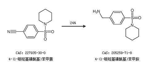1.通过4-(1-哌啶基磺酰基)苯甲腈合成4-(1-哌啶基磺酰基)苯甲胺,收率约24%;
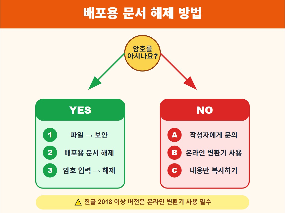 ✅ 배포용 문서: 한글 메뉴 → 보안 → 배포용 문서 해제 (암호 필요할 수 있음)
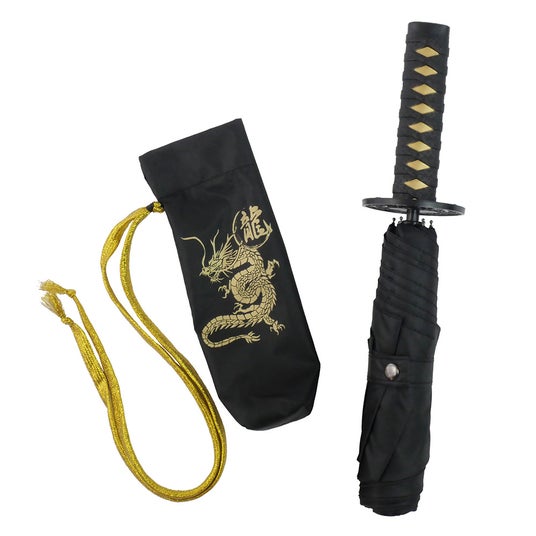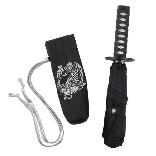 脇差(短い日本刀)の柄を模した持ち手が特徴の折りたたみ刀傘です。
□ □ □ □
▸ **TASK DESCRIPTION**
Retype each line of the listing above word for word. Exclude the pictures.

▸ **TASK SOLUTION**
1.通过4-(1-哌啶基磺酰基)苯甲腈合成4-(1-哌啶基磺酰基)苯甲胺,收率约24%;
 ✅ 배포용 문서: 한글 메뉴 → 보안 → 배포용 문서 해제 (암호 필요할 수 있음)
 脇差(短い日本刀)の柄を模した持ち手が特徴の折りたたみ刀傘です。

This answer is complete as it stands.